Failure of one disk destroyed all my data. Physical removal of broken
disks caused zpool to make another disk to appear twice causing final
data corruption. Everything was fine until broken disks c7t0d0 was
removed. Is there any way to remove second c5t0d0 from pool which
should be missing c7t0d0 ? How to build this pool back to degraded mode
with two working disks left?
Tomppa
Timeline:
*** Jan 2007 raidz1 zpool v was built using 3 Lacie 500G USB disks
c5t0d0, c7t0d0 and c8t0d0
*** Jul 6 11:12 c7t0d0 fails> Jul 6 11:12:29 iki scsi: [ID 107833 kern.warning] WARNING: /pci at
8,700000/usb at 2,2/storage at 4/disk at 0,0 (sd3):
> Jul 6 11:12:29 iki SCSI transport failed: reason
''timeout'': retrying command
> Jul 6 11:12:33 iki scsi: [ID 107833 kern.warning] WARNING: /pci at
8,700000/usb at 2,2/storage at 4/disk at 0,0 (sd3):
> Jul 6 11:12:33 iki SCSI transport failed: reason
''tran_err'': retrying command
> Jul 6 11:13:33 iki Error for Command: read(10) Error
Level: Retryable
> Jul 6 11:13:33 iki scsi: [ID 107833 kern.notice] Requested Block:
90452642 Error Block: 90452642
> Jul 6 11:13:33 iki scsi: [ID 107833 kern.notice] Vendor: SAMSUNG
Serial Number:
> Jul 6 11:13:33 iki scsi: [ID 107833 kern.notice] Sense Key: No
Additional Sense
> Jul 6 11:13:33 iki scsi: [ID 107833 kern.notice] ASC: 0x0 (no
additional sense info), ASCQ: 0x0, FRU: 0x0
> Jul 6 11:13:33 iki scsi: [ID 107833 kern.warning] WARNING: /pci at
8,700000/usb at 2,2/storage at 4/disk at 0,0 (sd3):
> Jul 6 11:13:33 iki Error for Command: read(10) Error
Level: Retryable
> Jul 6 11:13:33 iki scsi: [ID 107833 kern.notice] Requested Block:
90452642 Error Block: 90452642
> Jul 6 11:13:33 iki scsi: [ID 107833 kern.notice] Vendor: SAMSUNG
Serial Number:
> Jul 6 11:13:33 iki scsi: [ID 107833 kern.notice] Sense Key: No
Additional Sense
> Jul 6 11:13:33 iki scsi: [ID 107833 kern.notice] ASC: 0x0 (no
additional sense info), ASCQ: 0x0, FRU: 0x0
> Jul 6 11:13:33 iki scsi: [ID 107833 kern.warning] WARNING: /pci at
8,700000/usb at 2,2/storage at 4/disk at 0,0 (sd3):
*** Jul 8 03:35:26
resilver completed with 0 errors on Sun Jul 8 03:35:26 2007
*** Jul 8 12:00> % zpool status
> pool: v
> state: ONLINE
> status: One or more devices has experienced an unrecoverable error.

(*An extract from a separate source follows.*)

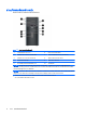 สวนประกอบทีแ ่ ผงดานหลัง ตาราง 1-3 สวนประกอบทีแ ่ ผงดานหลัง 1 ชองเสียบสายไฟ 6 ชองเสียบสัญญาณออกสําหรับอุปกรณเสียงทีใ่ ช ไฟ (เขียว) 2 ชองเสียบสัญญาณเสียงเขา (น้ําเงิน) 7 ชองเสียบแปนพิมพ PS/2 (มวง) 3 ชองเสียบเมาส PS/2 (เขียว) 8 ชองเสียบจอภาพ VGA 4 ชองเสียบอนุกรม 9 ชองเสียบจอภาพ DisplayPort 5 ชองเสียบเน็ตเวิรก RJ-45 10 ชองเสียบ USB หมายเหตุ: ตําแหนงและจํานวนของชองเสียบอาจตางกันไปในแตละรุน พอรตอนุกรมเสริมตัวทีส ่ องและพอรตขนานเสริมสามารถซือ ้ ไดจาก HP เมื่อเส
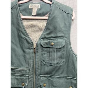 Duluth Trading Company Green Canvas Utility Vest With A Sherpa Lining Men Size M

An
> attempt was made to correct the error. Applications are
> unaffected.
> action: Determine if the device needs to be replaced, and clear the
> errors
> using ''zpool clear'' or replace the device with
''zpool replace''.
> see: http://www.sun.com/msg/ZFS-8000-9P
> scrub: resilver completed with 0 errors on Sun Jul 8 03:35:26 2007
> config:
>
> NAME STATE READ WRITE CKSUM
> v ONLINE 0 0 369
> raidz1 ONLINE 0 0 369
> c5t0d0 ONLINE 0 0 1
> c7t0d0 ONLINE 29 2.54K 507
> c8t0d0 ONLINE 0 0 0
>
> errors: No known data errors
> % format -e
> Searching for disks...done
>
>
> AVAILABLE DISK SELECTIONS:
> 0. c2t0d0 <SUN146G cyl 14087 alt 2 hd 24 sec 848>
> /pci at 8,600000/SUNW,qlc at 4/fp at 0,0/ssd at
w21000000871ad9fd,0
> 1. c2t1d0 <SUN146G cyl 14087 alt 2 hd 24 sec 848>
> /pci at 8,600000/SUNW,qlc at 4/fp at 0,0/ssd at
w21000000871d4348,0
> 2. c5t0d0 <SAMSUNG-HD501LJ-CR10-465.76GB>
> /pci at 8,700000/usb at 2,2/storage at 5/disk at 0,0
> 3. c7t0d0 <drive not available>
> /pci at 8,700000/usb at 2,2/storage at 4/disk at 0,0
> 4. c8t0d0 <SAMSUNG-HD501LJ-CR10-465.76GB>
> /pci at 8,700000/usb at 2,2/storage at 3/disk at 0,0
> Specify disk (enter its number): ^D
>
> % iostat -En
> c5t0d0 Soft Errors: 900 Hard Errors: 0 Transport Errors: 0
> Vendor: SAMSUNG Product: HD501LJ Revision: CR10 Serial No:
> Size: 500.11GB <500107862016 bytes>
> Media Error: 0 Device Not Ready: 0 No Device: 0 Recoverable: 0 Illegal
Request: 900 Predictive Failure Analysis: 0
> sd3 Soft Errors: 4258 Hard Errors: 2 Transport Errors: 2698
> Vendor: SAMSUNG Product: HD501LJ Revision: CR10 Serial No:
> Size: 500.11GB <500107862016 bytes>> Media Error: 0 Device Not Ready: 0 No Device: 0 Recoverable: 0 Illegal
Request: 787 Predictive Failure Analysis: 0
> c8t0d0 Soft Errors: 843 Hard Errors: 0 Transport Errors: 0
> Vendor: SAMSUNG Product: HD501LJ Revision: CR10 Serial No:
> Size: 500.11GB <500107862016 bytes>> Media Error: 0 Device Not Ready: 0 No Device: 0 Recoverable: 0 Illegal
Request: 843 Predictive Failure Analysis: 0
*** Jul 8 14:12 c7t0d0 physically removed> % zpool status pool: v
> state: ONLINE
> status: One or more devices has experienced an error resulting in data
> corruption. Applications may be affected.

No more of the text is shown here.